Auvert, François

Biographie


Né vers 1806. Argenteur. Carel (voir Carel, Eustache, Auguste) lui délivra, le 3 août 1830, le certificat suivant : « Le major soussigné, chargé du commandement des Tuileries les 29, 30, 31, 1er et 2 août, atteste que MM. les gardes nationaux dont les noms sont inscrits au bas du présent acte et qui ont été de service au château des Tuileries depuis le 29 juillet jusqu’à ce jour, se sont conduits d’une manière digne d’éloge, non seulement pour la bravoure et l’intrépidité qu’ils ont montrées mais encore pour la probité dont ils ont fait preuve pour la conservation des objets précieux qui se trouvaient dans le château au moment où il a été envahi.
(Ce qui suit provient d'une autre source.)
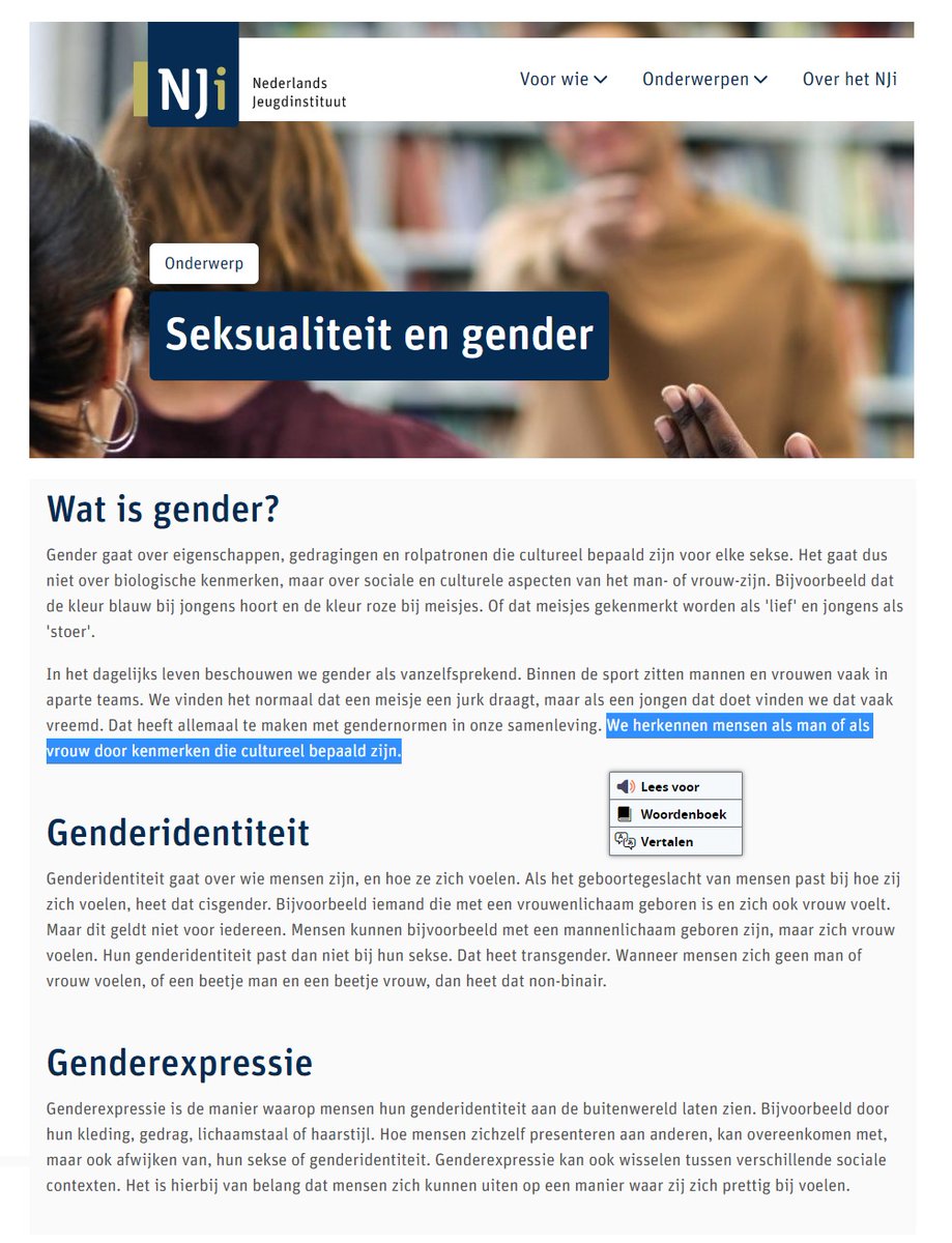 "We herkennen mensen als man of vrouw door kenmerken die cultureel bepaald zijn". Is dit wat kinderen voorgeschoteld moeten krijgen? Werkelijk?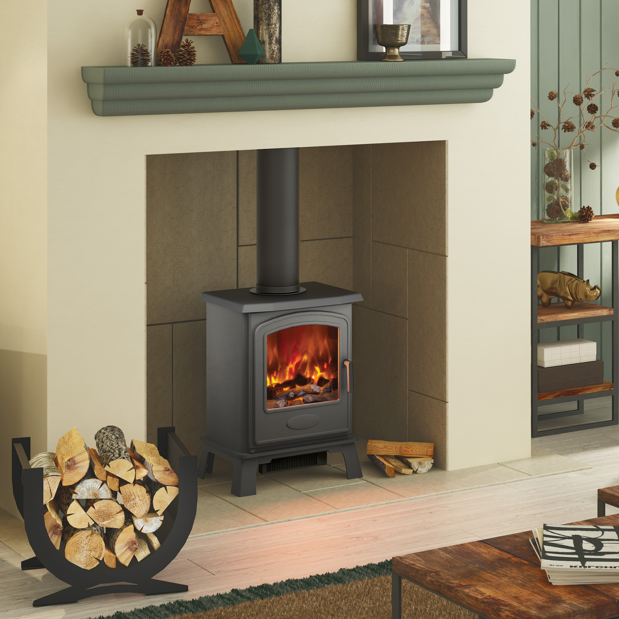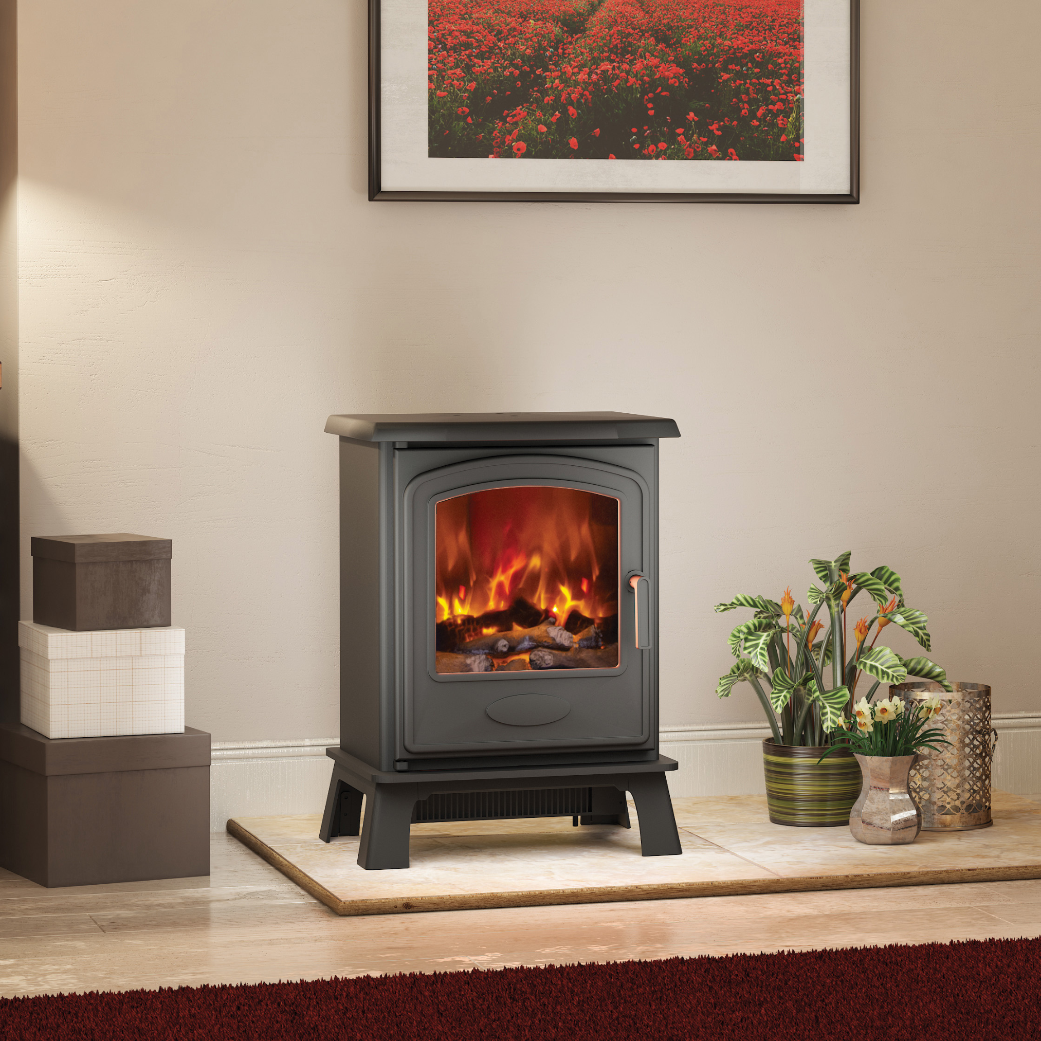The traditional Ora 5 & 7 freestanding electric stove boasts a gentle arched window set into a Cast Iron door with Steel body. Beautifully finished in Matt Black, the realistic glowing log bed shimmers beneath the dancing flames; enjoy up to 2kW heat or flame effect only, saving energy and money.

Je déclare que c’est particulièrement à leur vigilance active et à leur imperturbable fermeté dans ces moments dangereux qu’il est dû la conservation des différents objets précieux dont l’inventaire a été fait par M. Mazug, commissaire de police du quartier des Tuileries, en vertu de l’ordre du gouvernement provisoire. M. Bourdel, Louis, Léon, tailleur d’habits, demeurant rue des Vieilles-Etuves-Saint-Honoré, n° 14, accompagné de Fleury sergent, Henry capitaine, Auvert, Tessier, Marchand, Déflechelle, Dacbert, Lecoq, Cany, Laurent. Enfin je certifie que les braves gardes nationaux dont les noms sont ci-dessus déclarés ont constamment continué leur service de la manière la plus honorable jusqu’à ce jour où ils ont été remplacés par un poste du 5e régiment de ligne. » Il avait une fiche de secours à son nom à mairie du (ancien) Ier arrondissement. En congé de l’Armée d’Afrique pour cause de blessures en 1833, il sollicita, cette année-là, la Croix de Juillet. Il rappelait avoir « obtenu un certificat, revêtu de la signature de M. Carel (voir Carel, Eustache, Auguste), alors gouverneur du château des Tuileries, et visé du commissaire de police du même quartier, qui constate la bonne conduite qu’il a tenue pour éviter la dévastation et par conséquent le pillage ». Il lui fut répondu que les travaux de la Commission des récompenses nationales étaient terminés et qu’elle seule avait la possibilité de se prononcer sur ses droits. Il demeurait 2, rue de Beaujolais en 1830 ; 30 et 31, rue du Roi-de-Sicile, chez M. Brisson, argenteur en 1833. Archives de Paris VD6 55 n° 5, mairie du (ancien) Ier arrondissement, gardes nationaux, fiche de domicile ; Archives de Paris VD6 91, liasse n° 5, une liste de blessés qui reçurent un secours ; Archives de Paris VD6 277 in dossier Bourdel, Louis, Léon ; Archives nationales F/9/1155.